SOUTH PORTLAND — For Luke Holden, building an international chain of 43 lobster restaurants all began with hunger, homesickness and a Google search.
In less than a decade Luke’s Lobster has grown from one, seven-seat lobster shack in Manhattan’s East Village to a global restaurant and wholesale lobster business. Next summer, it will open its second restaurant in Maine – the largest yet – on the Portland waterfront.
The Portland Pier eatery will be linked to an adjacent lobster pound at the former New Meadows Lobster, which Holden purchased in July.
At the Loveitts Field home where he lives with his wife Laisee and their 8-month-old daughter, Poppy, Holden, 34, recently recalled how it all began.
It was 2009, just a couple years after he graduated from Georgetown University with an undergraduate degree in business. Holden, an investment banker on Wall Street, was sitting in his office on a sunny, summer Sunday afternoon.
But he missed his home, so he began to search online for the nearest lobster roll. It didn’t take long for him to recognize a gap in the market — all the lobster rolls in New York, he said, were either overpriced, over-spiced, or both.
About three months later, Holden and his business partner, freelance food writer Ben Conniff, with whom he connected on Craigslist, opened their “220-something-square-foot” lobster shack in the East Village.
Having grown up in Cape Elizabeth with a father who was a lobsterman-turned- lobster-dealer-turned-lobster-processor, Holden knew a thing or two about the industry.
“My father worked on the waterfront his entire life,” Holden said. “I grew up on the docks.”
Still, he and Conniff worked with a budget of only $30,000 their first year in business. They had a small, but loyal crew of employees. They kept it simple and devoted their business to offering the highest quality at the lowest price – $14. Today, the lobster rolls sell for only $2 more.
“I think our simplistic, naive approach turned out to be one of our greatest assets,” Holden said.
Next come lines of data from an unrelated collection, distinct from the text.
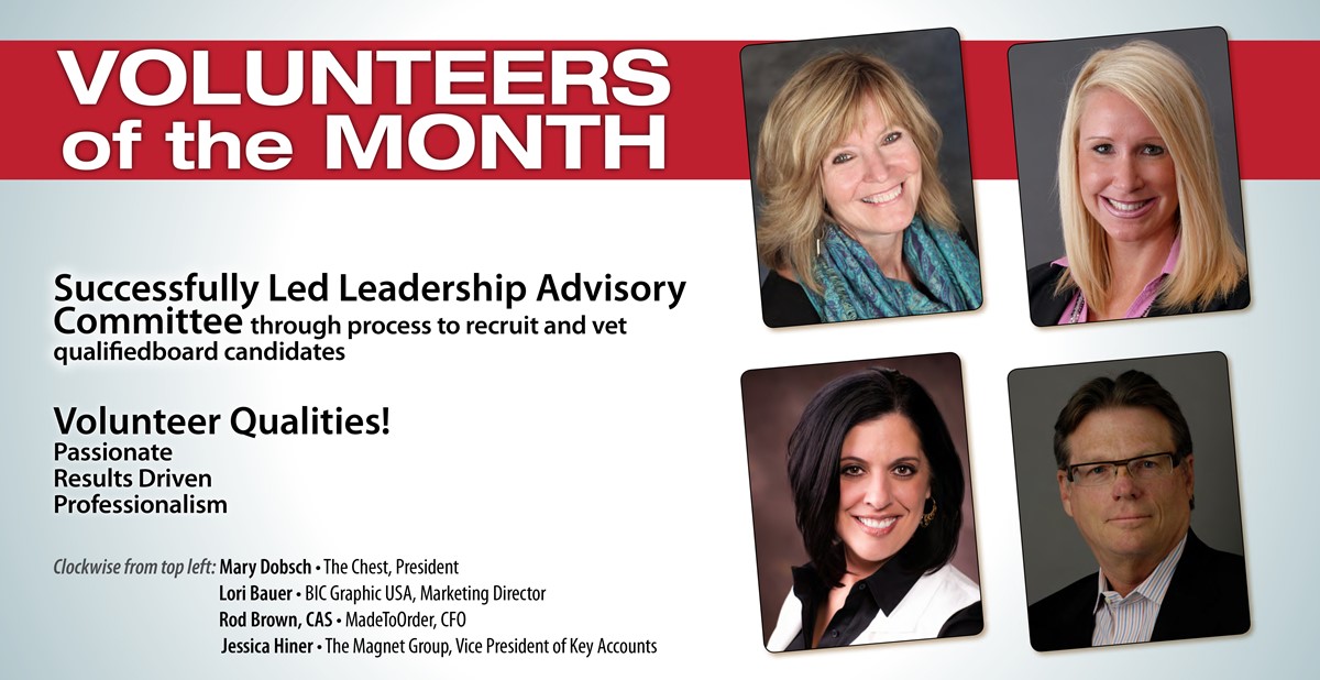 This month, PPAI recognizes PPAI Leadership Advisory Committee members Mary Dobsch, president of supplier The Chest; Lori Bauer, vice president, national accounts, at supplier BIC Graphic USA; Rod Brown, CAS, CFO at distributor MadeToOrder; and Jessica Hiner, vice president of key accounts at supplier The Magnet Group, as the September PPB Volunteers of the Month. The Association’s PPB Volunteers of the Month have dedicated their time to the progress and fulfilling the charge of a committee, advisory group, work group or task force on which they serve.
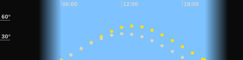 | Sonnenaufgang | 06:04 Uhr im Osten (αAz = 70.1°) |
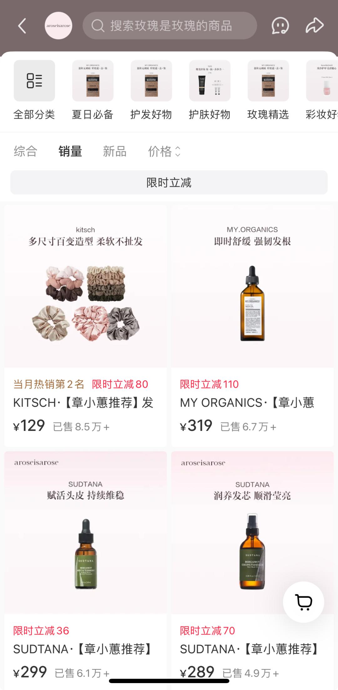 同年10月的二次开播,销售额更是突破亿元,其中5个中高端国际品牌(aroseisarose、MY.ORANICS、HAIRMAX、AugustinusBader、Sudtana)单品销售额均破500万,创造了小众高端品牌的销售奇迹。
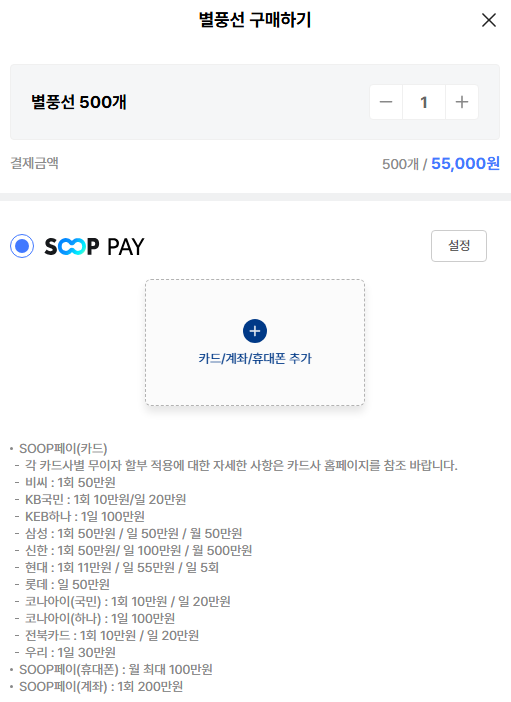 - SOOP Pay (Mobile): Up to 1,000,000 KRW per month
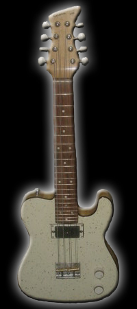 mandolin with a solid ash body and butternut top; handwound single-coil
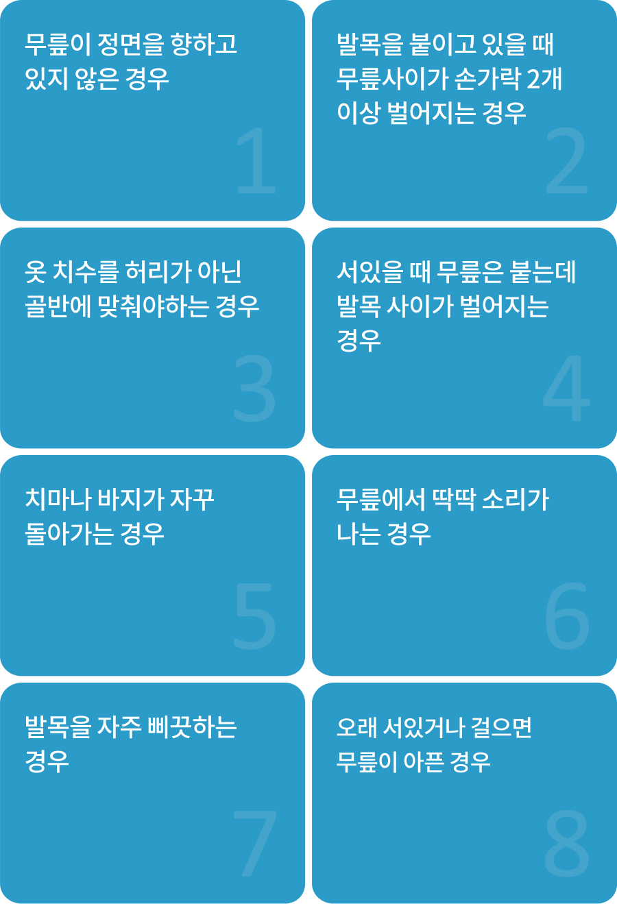 휜다리는 습관적인 자세에 따라 O자형과 X자형 휜다리로 나타납니다.
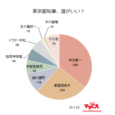 一方、ママたちに東京在住の有無を問わず、「東京都知事、誰がいい?」(n=138)と聞いたところ、36%で舛添要一氏がトップ。そして、今回出馬を断念した東国原英夫氏(26%)、脱原発をアピールする細川護煕氏(10%)が続きました。
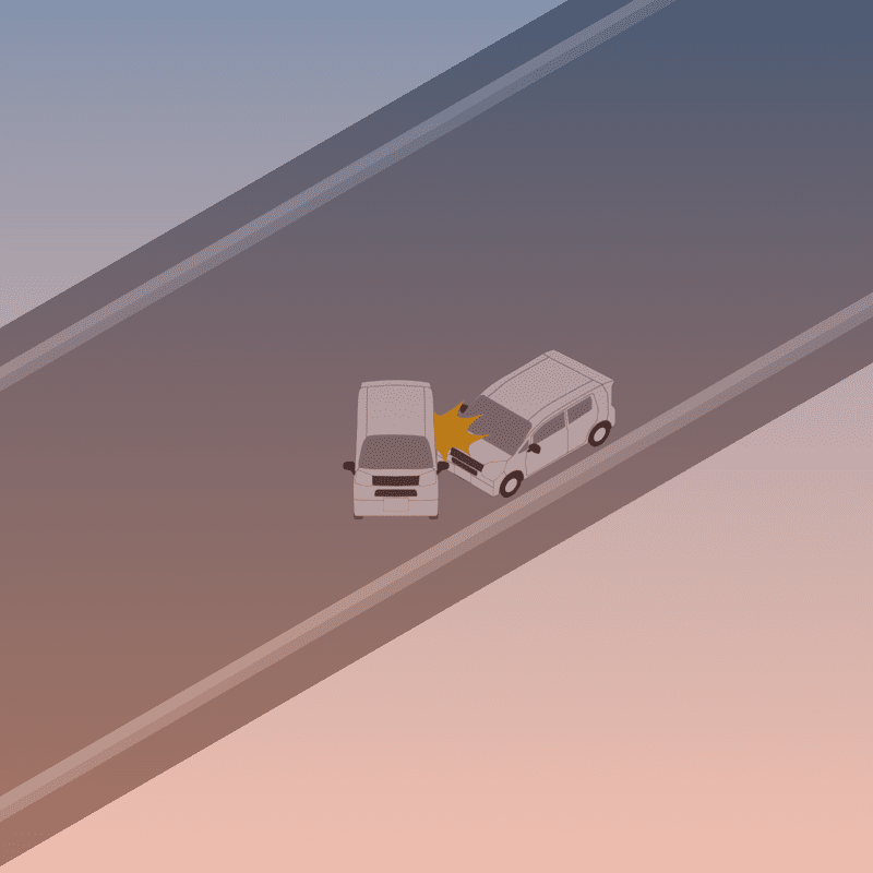 ・イラストに使用している各要素(車、背景、車、天候、信号、衝突地点など)は、代表的なイメージをイラスト化しており、色や形状等含め現実の事故の状況とは異なります。あくまで、事故のイメージとして参考までにご活用ください。

Even so, there was a recession going on, and the risk of failure was high, so Holden kept his corporate job until the lobster business grew enough to demand his undivided attention.
And grow it did.
Today, Holden oversees 30 shacks in the U.S., along with a few in Japan and Taiwan.
He said many of the employees who were with him at the beginning are still part of the team. Conniff is the chief marketing officer and Holden’s brothers, Mike and Bryan, are both partners, responsible for finding new restaurants, negotiating deals, building out space and finding the teams to keep the new establishments running.
“I always say I run the business and they grow it,” Holden said.
Holden said Luke’s Lobster plans to continue to expand internationally and domestically, and he’s comfortable opening five to eight new restaurants per year.
For now, he’s focusing on “step No. 1,” which is a complete redevelopment of what Holden described as a “failing commercial dock” at 60 Portland Pier.
He said the company has invested around $1 million in the past six months to rebuild the “commercial component” of the pier that will support the 150-seat restaurant. They’ve also enlarged and renewed the pier’s floats to create additional, and safer, real estate for local lobster and fishermen, which Holden said “has nothing to do with the restaurant.”
Although he’s traveled far and wide for his business, to Holden there’s no place like home. Laisee Holden, who attended the University of North Carolina and then moved to Los Angeles, California, for a sports marketing job, agreed.
“No matter where we went, we always got drawn back to Maine,” she said.
Holden grew up playing ice hockey with Laisee. She was a year older at Cape Elizabeth High School, but Holden admitted he always had a crush on her. So much so that when Laisee’s mother asked Holden to drive Laisee and her date to their junior prom for $20, he obliged.
The two reconnected about four years ago after they’d both moved back to the area. They purchased their current home, a more-than-century-old oceanfront estate facing Danforth Cove and Cushing Island, just over a year ago.
“I always hoped to move back eventually,” Laisee said. “It’s the people in Maine that make it so special. … They like to support each other. I notice that a lot with Luke’s business,” through which, she added, she feels a lot more “connected” with the community.
Holden, too, said he “loves being part of the fishing community,” something he and his father always had in common.
“It’s so special that Luke gets to live and work near his family,” Laisee said. “… He and I had such great experiences going to school here and playing sports, so hopefully Poppy will, too.”
Luke’s Lobster founder Luke Holden, right, his wife Laisee and their daughter Poppy at their South Portland home. Holden next year plans to open the company’s second restaurant in Maine on the Portland waterfront.
Poppy Holden has traveled far and wide for an 8-month-old. She even went to Japan for a Luke’s Lobster opening earlier this year.